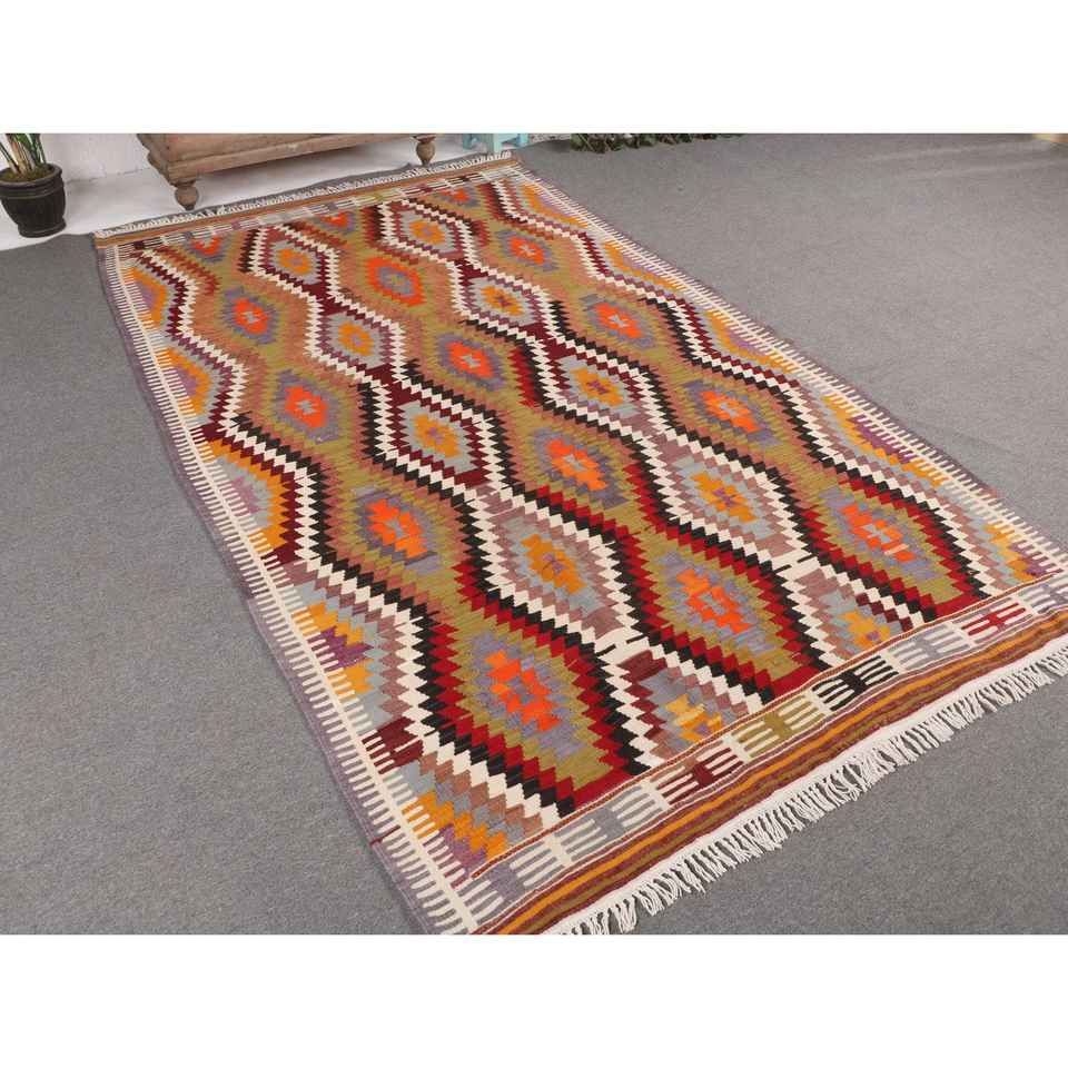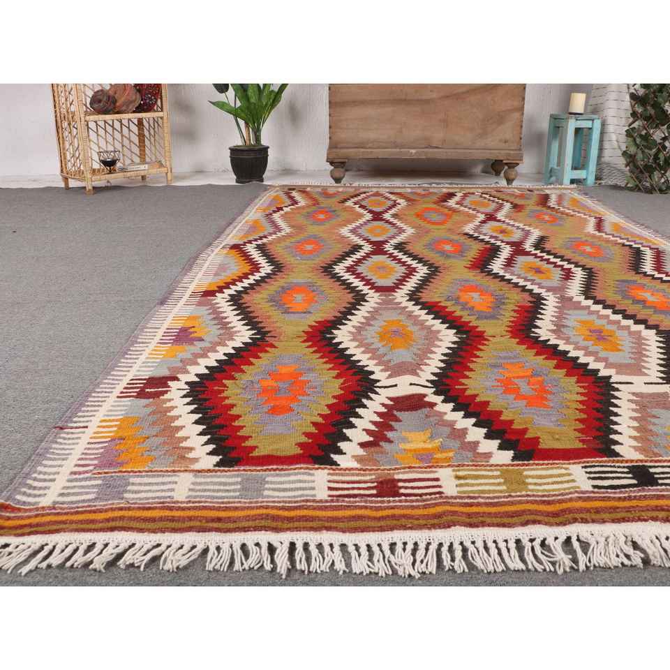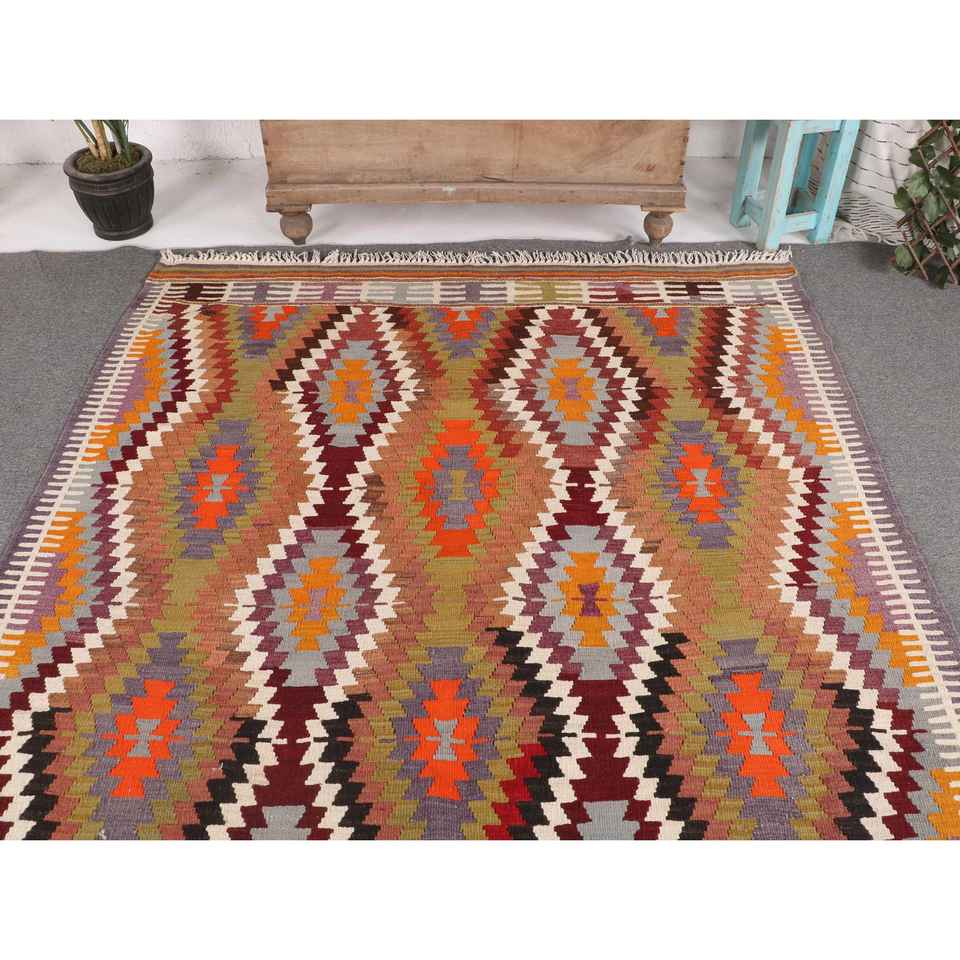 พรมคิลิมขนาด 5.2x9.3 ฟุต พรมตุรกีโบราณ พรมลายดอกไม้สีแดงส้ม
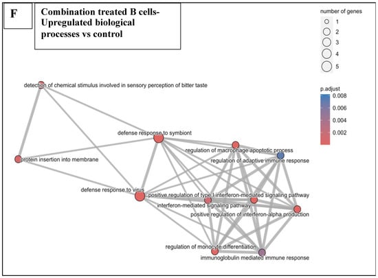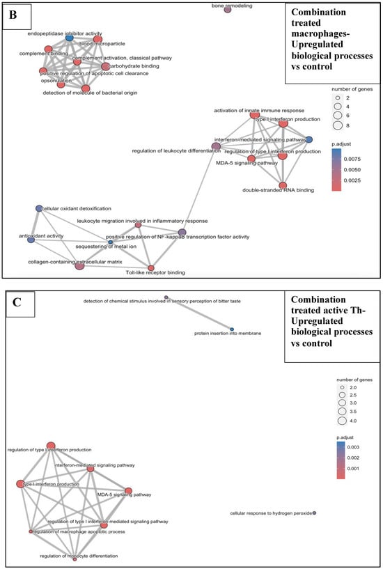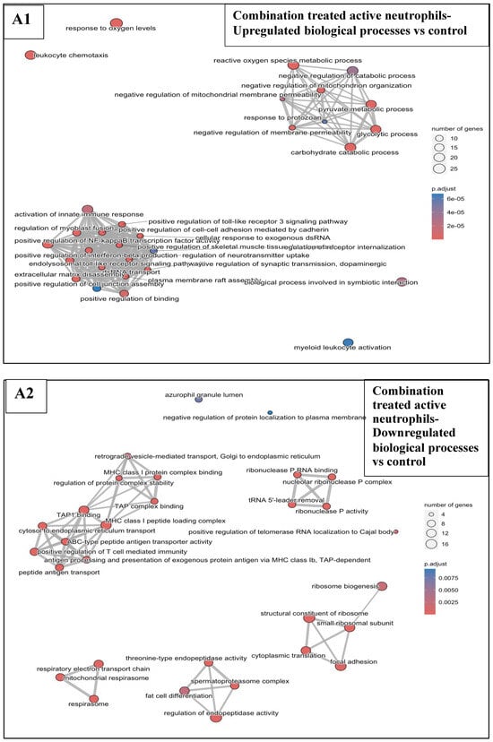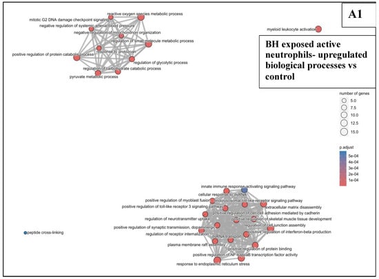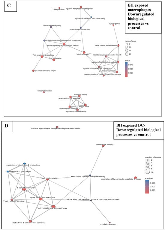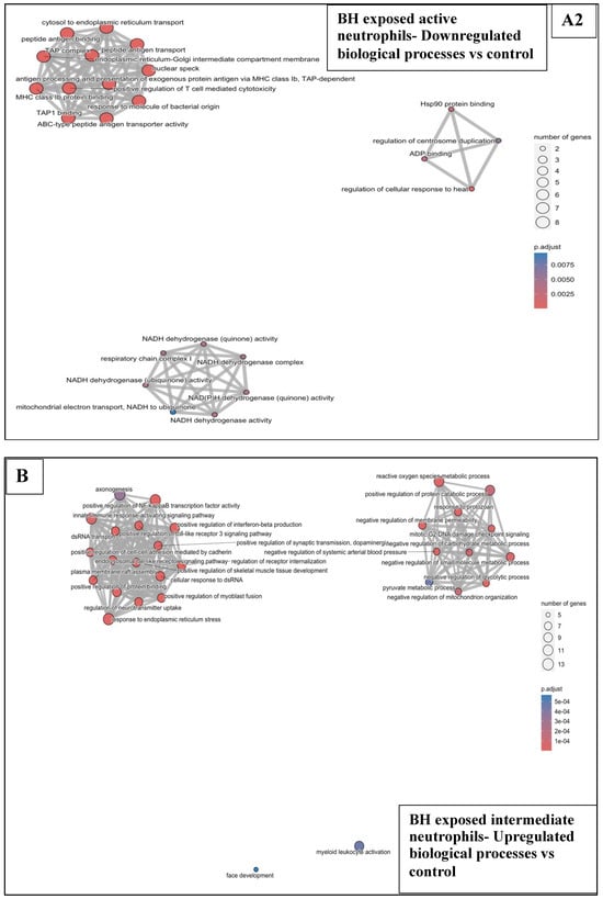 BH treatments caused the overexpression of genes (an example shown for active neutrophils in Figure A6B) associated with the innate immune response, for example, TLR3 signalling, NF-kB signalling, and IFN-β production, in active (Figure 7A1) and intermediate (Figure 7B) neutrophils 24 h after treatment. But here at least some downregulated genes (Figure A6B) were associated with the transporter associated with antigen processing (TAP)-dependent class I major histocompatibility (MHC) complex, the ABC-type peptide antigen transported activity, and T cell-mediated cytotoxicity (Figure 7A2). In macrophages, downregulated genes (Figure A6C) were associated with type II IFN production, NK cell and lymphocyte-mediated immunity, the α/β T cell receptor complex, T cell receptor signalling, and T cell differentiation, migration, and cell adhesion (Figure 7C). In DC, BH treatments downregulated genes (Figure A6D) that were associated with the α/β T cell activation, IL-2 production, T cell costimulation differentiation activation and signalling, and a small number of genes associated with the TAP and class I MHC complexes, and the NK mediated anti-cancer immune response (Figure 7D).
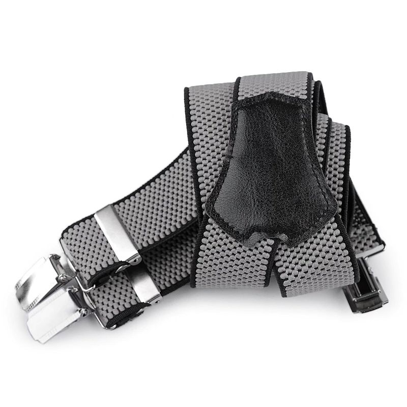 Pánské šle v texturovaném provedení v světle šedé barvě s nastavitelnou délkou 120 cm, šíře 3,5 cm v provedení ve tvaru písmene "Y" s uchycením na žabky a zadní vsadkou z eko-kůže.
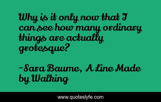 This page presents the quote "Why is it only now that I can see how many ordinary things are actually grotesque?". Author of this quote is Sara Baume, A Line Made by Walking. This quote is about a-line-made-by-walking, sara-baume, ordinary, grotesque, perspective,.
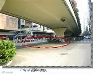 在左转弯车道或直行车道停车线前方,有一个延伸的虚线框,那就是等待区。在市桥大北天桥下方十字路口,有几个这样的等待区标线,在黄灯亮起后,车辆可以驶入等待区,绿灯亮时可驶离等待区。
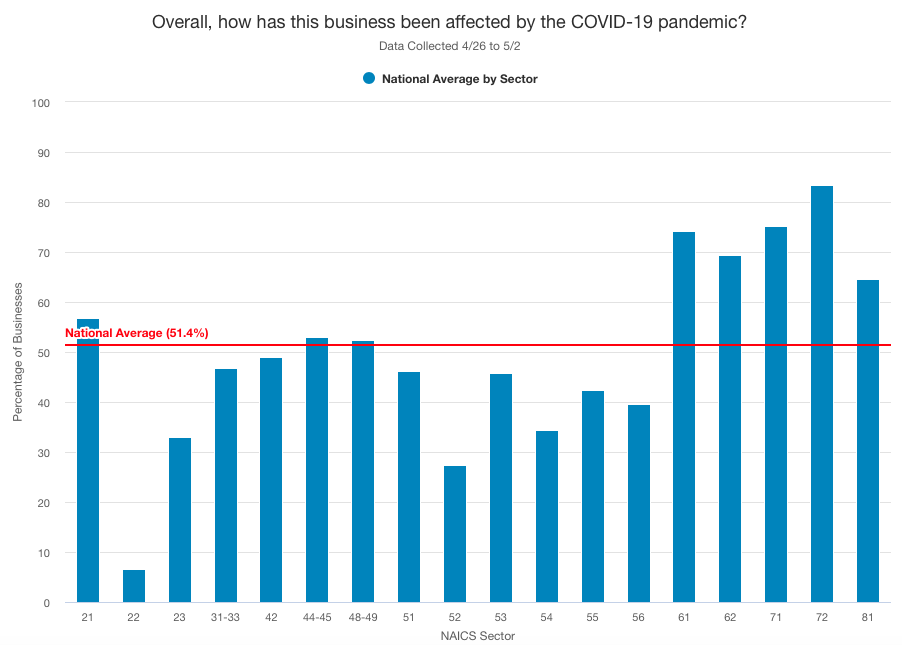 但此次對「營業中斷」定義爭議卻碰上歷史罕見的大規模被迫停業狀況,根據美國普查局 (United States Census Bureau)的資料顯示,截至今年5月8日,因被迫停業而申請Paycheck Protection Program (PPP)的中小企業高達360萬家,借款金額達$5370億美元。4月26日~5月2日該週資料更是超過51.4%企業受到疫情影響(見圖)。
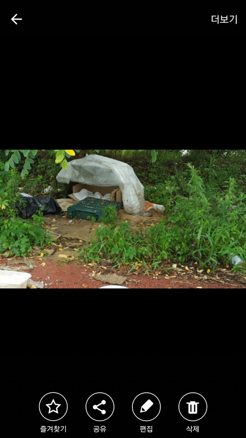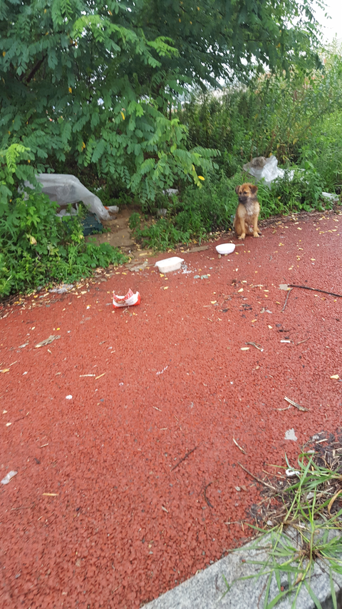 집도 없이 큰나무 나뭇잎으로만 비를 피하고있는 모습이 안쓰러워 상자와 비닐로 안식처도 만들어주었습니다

WHAT YOU SHOULD DO:
Skip the pictures and write out exactly the lines from the line containing "但此次對「營業中斷」定義爭議卻碰上歷史罕見的大規模被迫停業狀況,根據美國普查局 (United States" through the end of the listing above.

ANSWER SECTION:
 但此次對「營業中斷」定義爭議卻碰上歷史罕見的大規模被迫停業狀況,根據美國普查局 (United States Census Bureau)的資料顯示,截至今年5月8日,因被迫停業而申請Paycheck Protection Program (PPP)的中小企業高達360萬家,借款金額達$5370億美元。4月26日~5月2日該週資料更是超過51.4%企業受到疫情影響(見圖)。
 집도 없이 큰나무 나뭇잎으로만 비를 피하고있는 모습이 안쓰러워 상자와 비닐로 안식처도 만들어주었습니다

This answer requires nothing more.